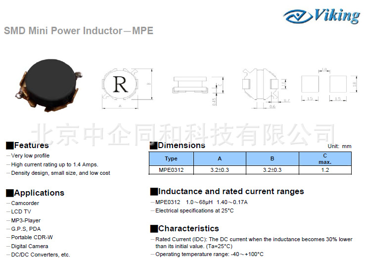 MPE0312 1.0~68μH 1.40~0.17A注:此数据为25°C温度下的测试结果
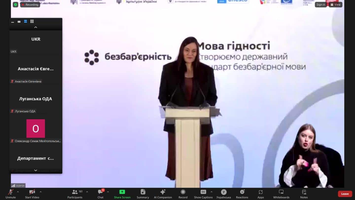 Заступниця голови облдержадміністрації Наталія Романенко разом зі співробітниками Луганської обласної державної адміністрації та військових адміністрацій громад області взяли участь у заході «Мова гідності: створюємо Державний стандарт безбар’єрної мови». Про це у вівторок, 3 березня, повідомила Луганська ОВА.
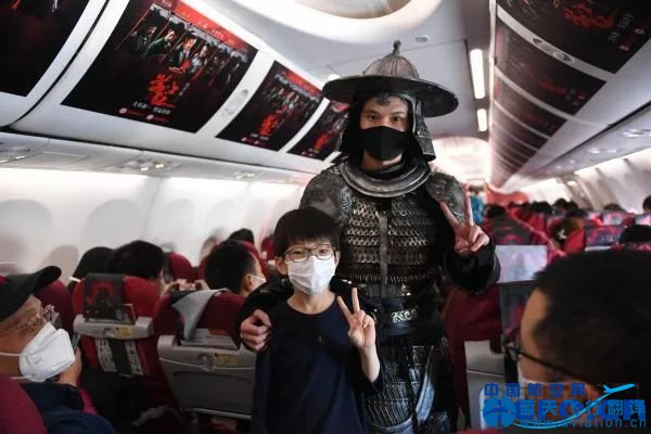 電影角色扮演者在客艙內與小旅客合影 航行期間,客艙廣播為旅客播報電影相關引導互動式廣告,空乘還化身劇中角色與旅客互動,沉浸式營造空中探案氛圍。此外,角色扮演者還身穿禁軍磐龍營副將鄭萬的盔甲驚喜亮相客艙,為互動旅客帶來精美周邊禮品。
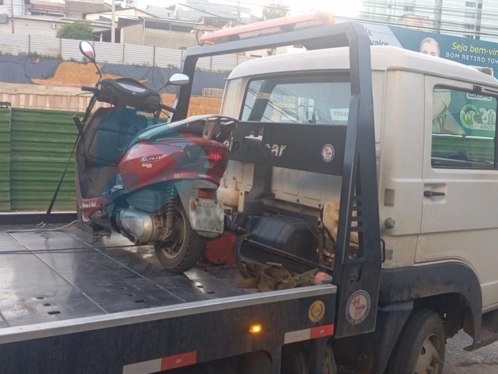 A PM confirmou ter sido constatado que o condutor não tem habilitação e que a motocicleta estava com o licenciamento atrasadoDiante das irregularidades, o veículo foi removido para um pátio credenciado do Detran, e foram lavrados os autos de infração de trânsito cabíveis.
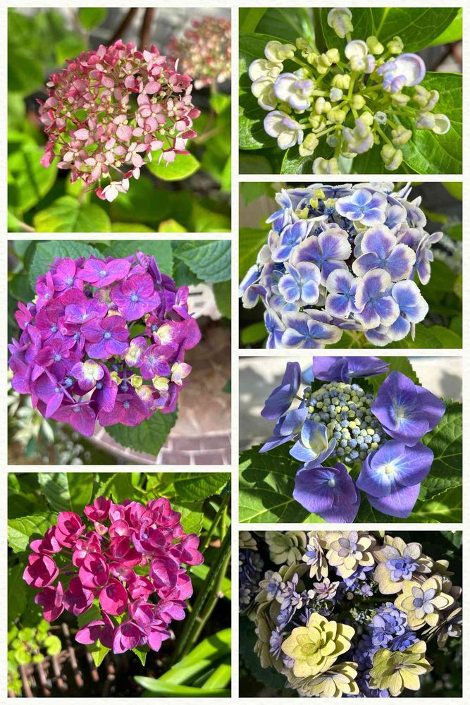 ↗️おたふくアジサイは昨年挿し木した物…一足遅れですが花がつきました♪
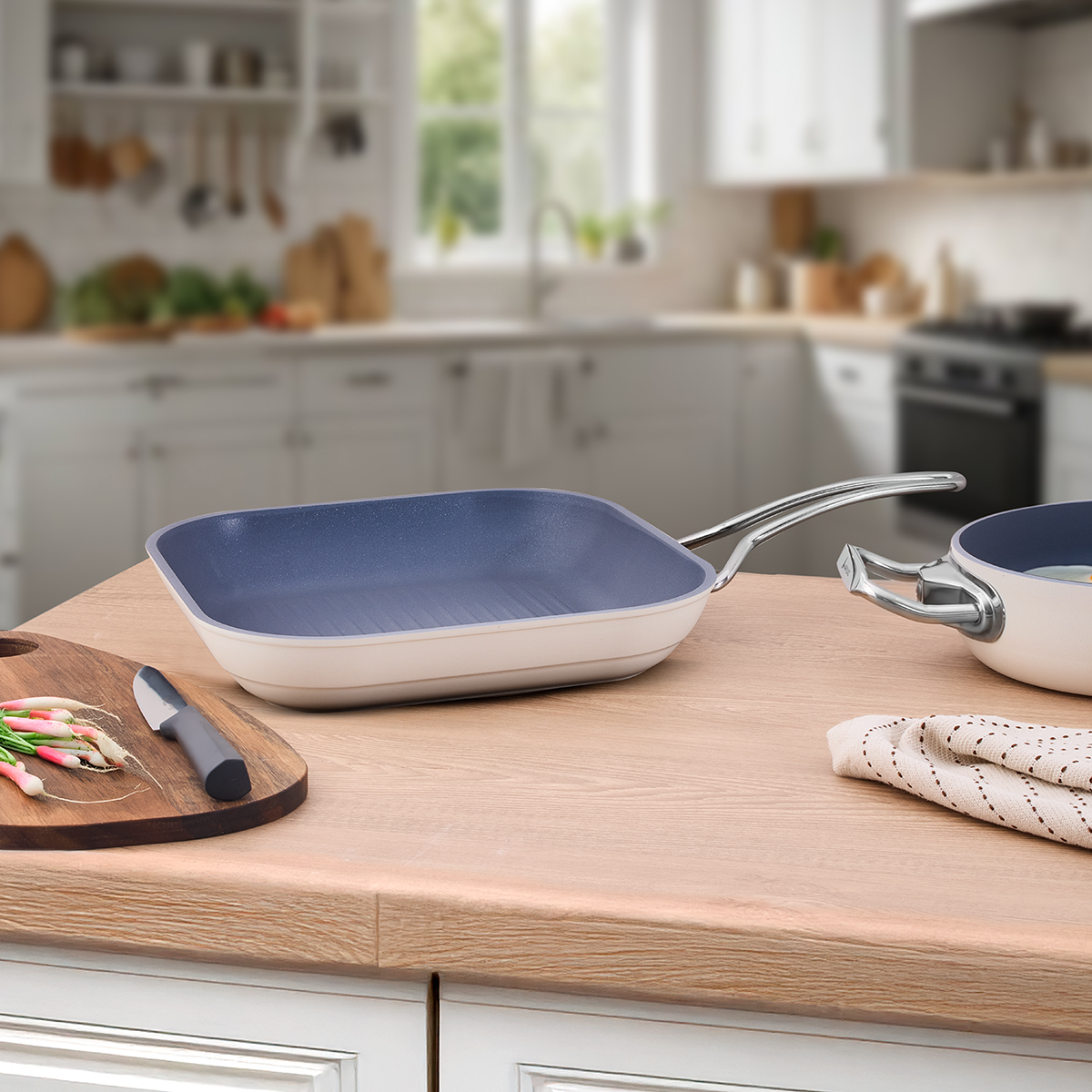 Bu koleksiyondaki her parçanın paslanmaz çelik tutacakları rahat bir tutuş sağlarken, fırında kullanılabilir özellikleriyle yemek pişirme deneyiminizi bir üst seviyeye taşıyor.

▸ Work request
No pictures belong in the output. It should reproduce exactly the lines from the one containing "電影角色扮演者在客艙內與小旅" through the end of the data, both ends included.

▸ Response to this task
 電影角色扮演者在客艙內與小旅客合影 航行期間,客艙廣播為旅客播報電影相關引導互動式廣告,空乘還化身劇中角色與旅客互動,沉浸式營造空中探案氛圍。此外,角色扮演者還身穿禁軍磐龍營副將鄭萬的盔甲驚喜亮相客艙,為互動旅客帶來精美周邊禮品。
 A PM confirmou ter sido constatado que o condutor não tem habilitação e que a motocicleta estava com o licenciamento atrasadoDiante das irregularidades, o veículo foi removido para um pátio credenciado do Detran, e foram lavrados os autos de infração de trânsito cabíveis.
 ↗️おたふくアジサイは昨年挿し木した物…一足遅れですが花がつきました♪
 Bu koleksiyondaki her parçanın paslanmaz çelik tutacakları rahat bir tutuş sağlarken, fırında kullanılabilir özellikleriyle yemek pişirme deneyiminizi bir üst seviyeye taşıyor.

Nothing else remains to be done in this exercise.